Underdog

Il West Ham di Slaven Bilic è terzo in classifica dopo aver battuto in trasferta Arsenal, City e Liverpool. Eppure, dalle parti di Upton Park, nessuno riesce ad abbandonarsi alle illusioni.

«Vincere è come entrare in un pub e scoprire che è pieno di donne: una cosa che fa piacere a tutti». Slaven Bilic al West Ham c’era già stato da giocatore nel ‘96/’97, e in effetti in quegli anni un tifoso degli Hammers aveva più possibilità di trovare eserciti di veline al Boleyn o al Queen’s piuttosto che di battere Arsenal, Liverpool e Manchester City in trasferta. E di certo non perché i pub di Green Street, rudi fucine di feroci hooligans, brulicassero di fauna femminile. Quasi vent’anni dopo, invece, l’aforisma dell’allenatore croato dipinge una situazione completamente nuova per i supporter claret and blue: quest’anno chissenefrega delle donne al pub, quest’anno è l’ultimo anno all’Upton Park prima di traslocare allo Stadio Olimpico, quest’anno si vince in casa dei mostri sacri.

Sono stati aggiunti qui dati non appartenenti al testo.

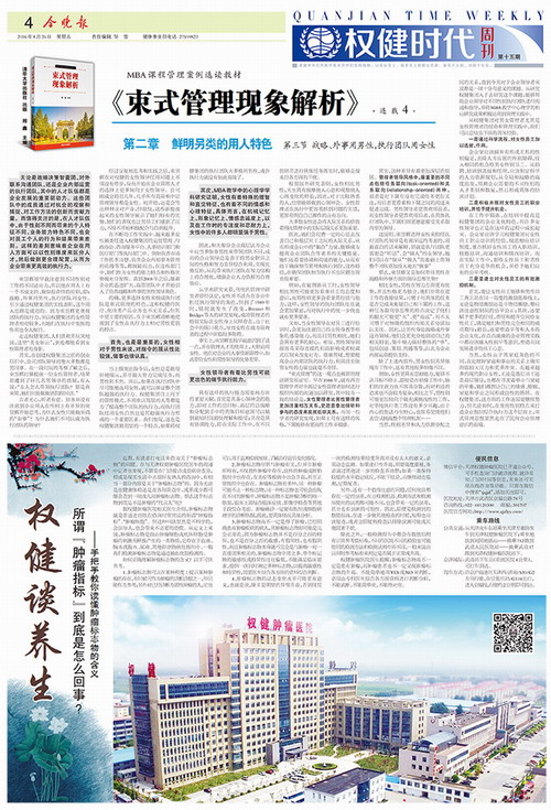 2016年8月26日,《今晚报•权健时代周刊》刊发了专栏“权健谈养生”的《所谓“肿瘤指标”到底是怎么回事?》,并且继续连载《束式管理现象解析》一书。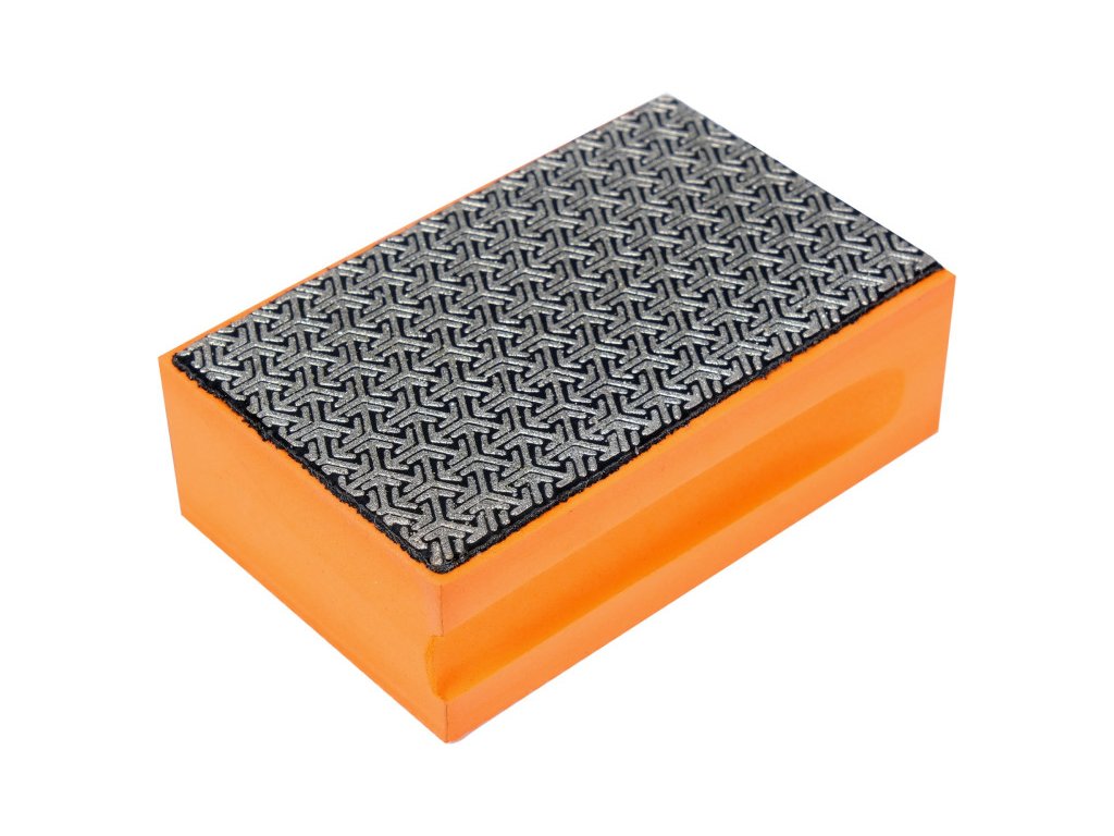Rugalmas gumi kocka (szivacs), amely üveg, márvány, gránit és kerámia csiszolására lett tervezve. G-100 gyémánttal kirakott fémlemez ragasztva a munkafelületre.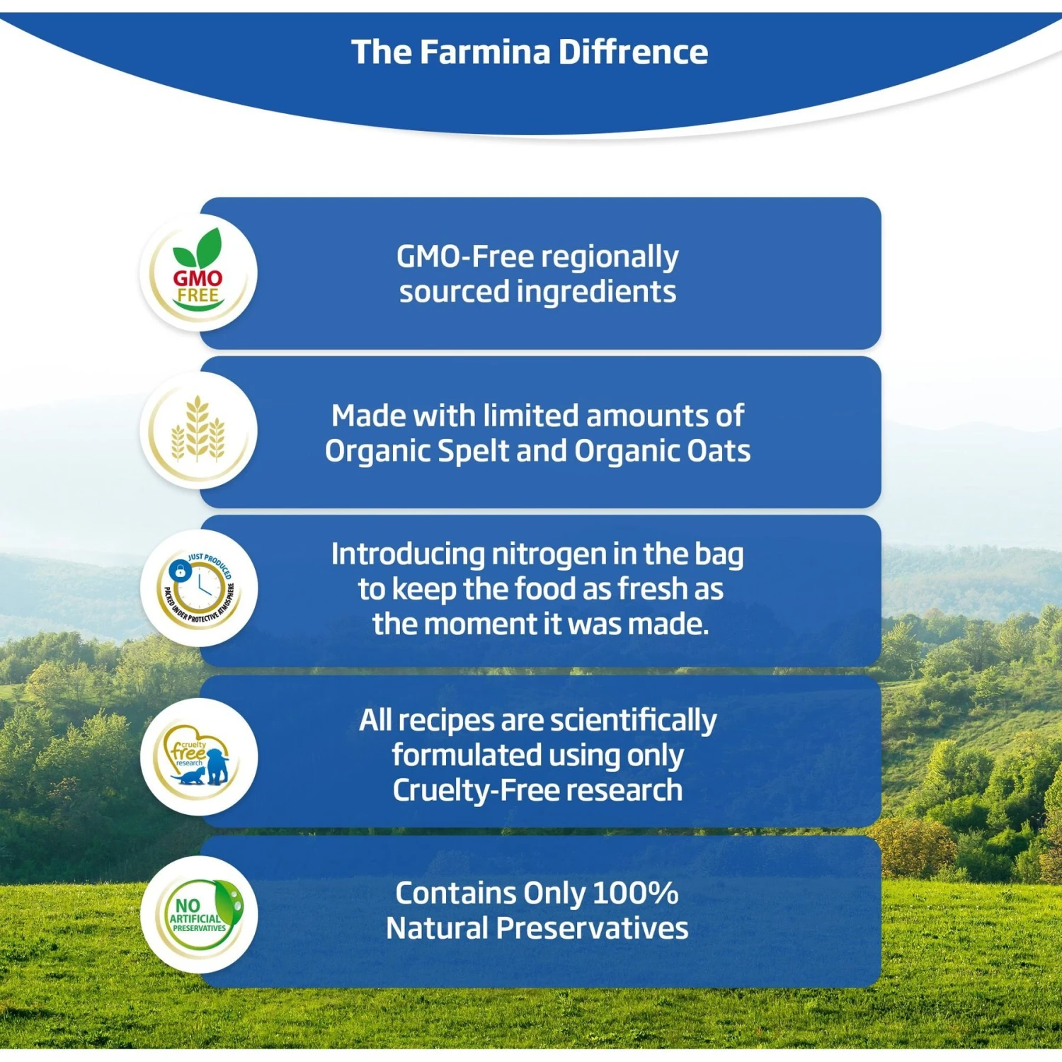 Every Farmina food is made with the best ingredients with the correct amounts of protein, fats, limited carbohydrates and advanced long life vitamins and minerals. The Natural & Delicious high protein, 20% Ancestral Grain formulas are comprised of 60% animal ingredients (pre-cooking weight), 20% organic spelt and organic oats and 20% vegetables, fruits, vitamins and minerals. Delicious Chicken & Pomegranate flavor contains no peas, legumes, meals or by-products for nutrition you can feel great about.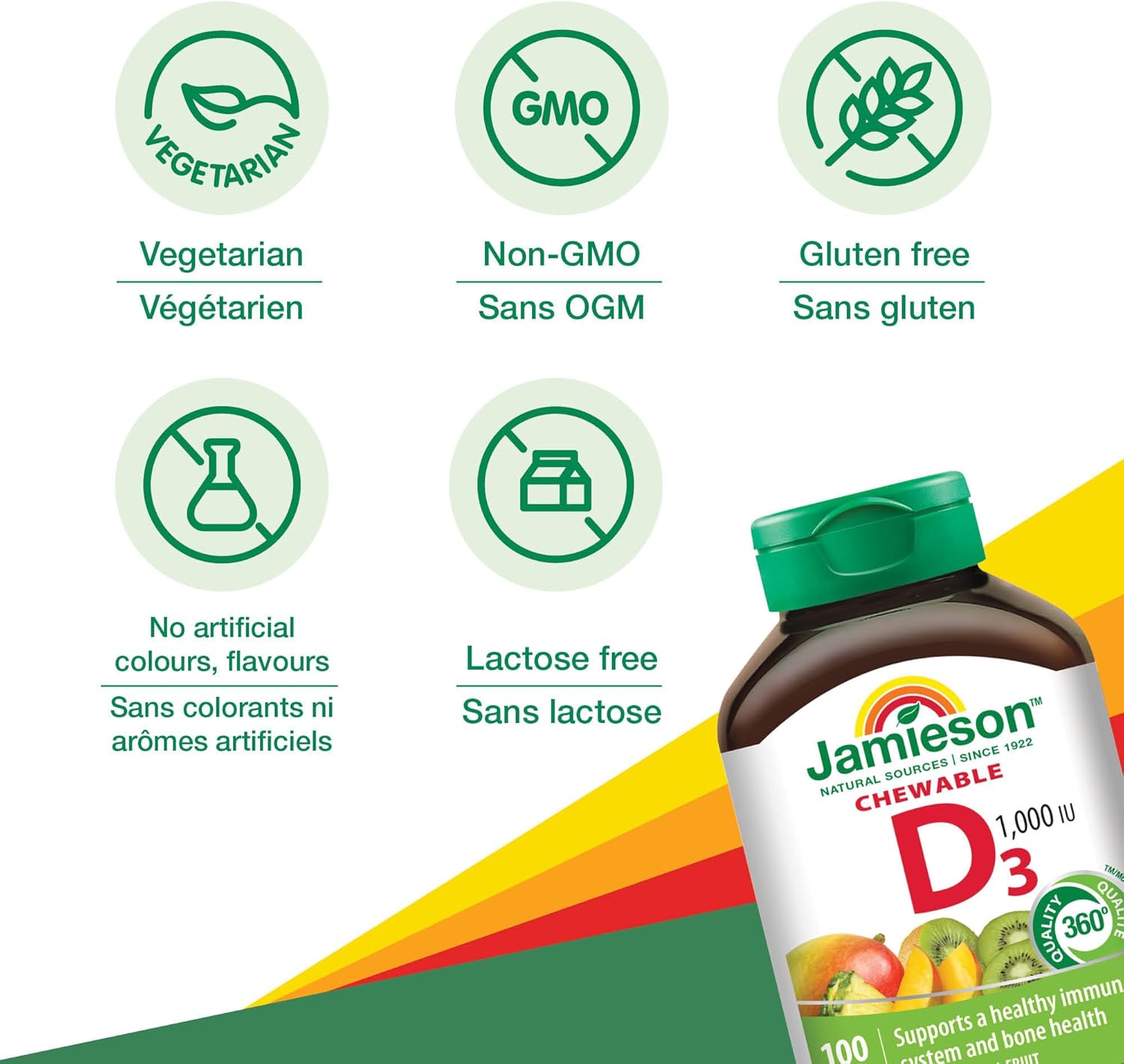 Jamieson 咀嚼维生素 D3 1000 国际单位,热带水果口味,支持免疫健康,强健骨骼和牙齿。素食,非转基因,无麸质,无人工香料和色素,100 粒,加拿大制造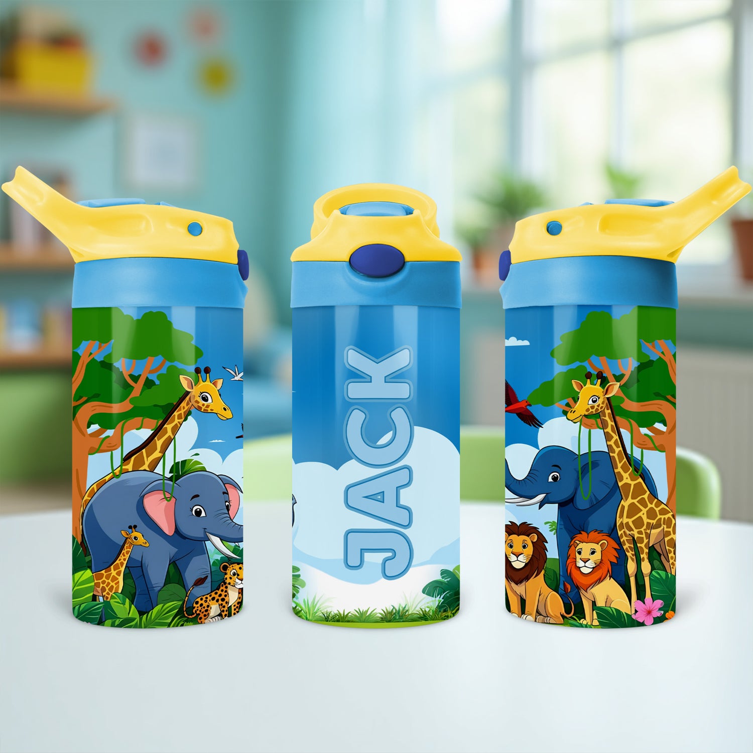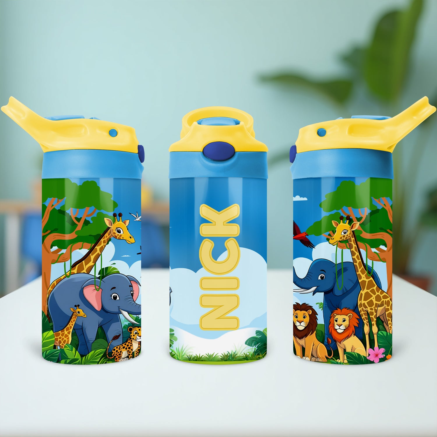 Safari Water Bottle with Name for Kids, Custom Back to School Tumbler for Boys and Girls
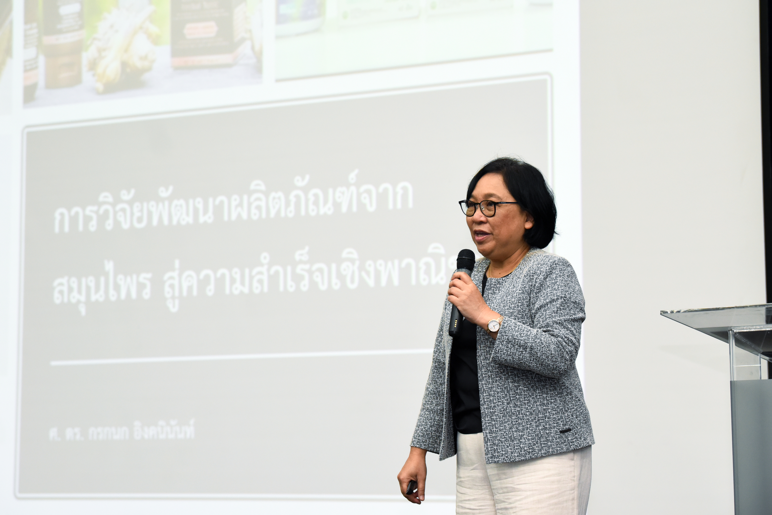 ในโอกาสนี้ ศาสตราจารย์ ดร. ภญ. กรกนก อิงคนินันท์ รองอธิการบดีฝ่ายพัฒนางานวิจัยและนวัตกรรม มหาวิทยาลัยนเรศวร ร่วมบรรยายเรื่องการพัฒนาสมุนไพรใหม่ สูตรสำเร็จสู่เชิงพาณิชย์ โดยมุ่งเน้นสร้างแรงบันดาลใจ และให้ความรู้กับผู้ประกอบการสมุนไพร ในการพัฒนาสมุนไพรใหม่สู่เชิงพาณิชย์ ผ่านการแลกเปลี่ยนประสบการณ์การทำงานวิจัย (ผู้ประกอบการเข้าใจกระบวนการ Research Commercialization)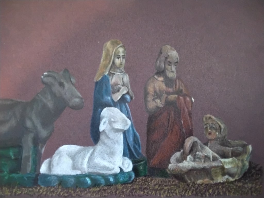 By Magdelene van den Oetelaar This is a memory of my parent’s Christmas nativity set. It is coloured pencils. It was done this past winter.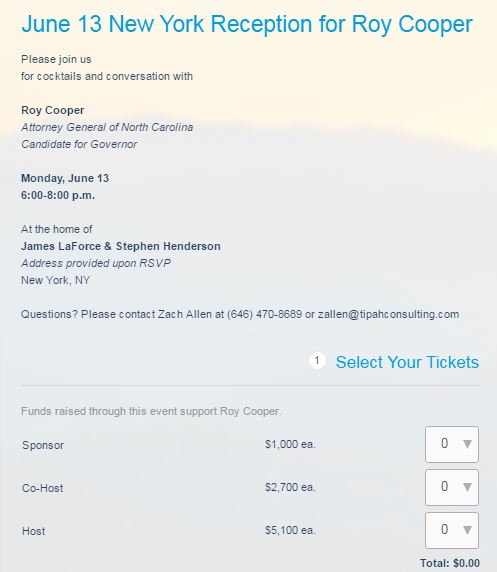 Roy Cooper’s name appears a second time in the leaked DNC emails. This time it is a fundraiser event hosted by a gay power couple in New York City.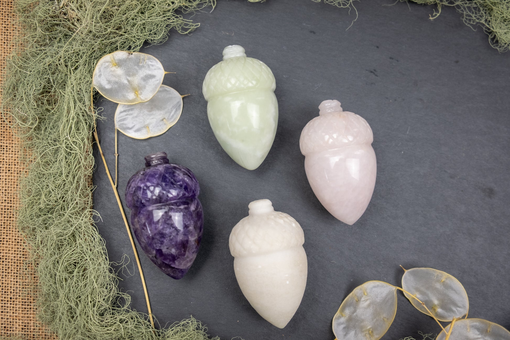 These acorn carvings are beautifully shaped with a smooth polished finish that highlights the natural colour and pattern of each crystal. The carved cap and rounded acorn form give them a wonderful tactile quality that makes them lovely to hold in the hand.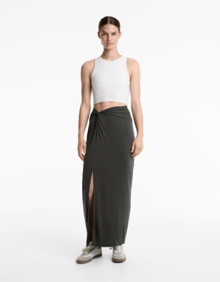 Oysho - Jupe mi-longue fluide nouée en modal mélangé - Anthracite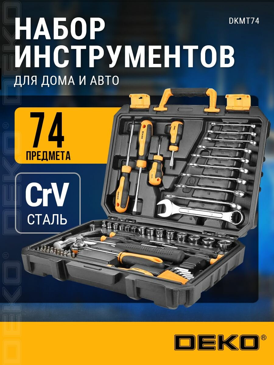 Универсальный набор инструмента для дома и авто в чемодане DEKO DKMT74 (74 предмета) интересное:

Già, perché l’inizio di stagione, nel popolare e passionale East End di Londra, è stato memorabile. Quattro vittorie in sette turni, terzo posto in classifica, 2-0 all’Emirates Stadium nel derby coi Gunners, 3-0 ad Anfield Road e 2-1 a domicilio al City fino a quel momento a punteggio pieno. Per dire, lo scorso giugno nel negozio ufficiale si vendeva la maglietta commemorativa del tris di vittorie contro l’odiato Tottenham, quindi per quest’anno di materiale per una nuova t-shirt ce n’è già a sufficienza dopo un solo mese di Premier League.

Il successo sul Crystal Palace.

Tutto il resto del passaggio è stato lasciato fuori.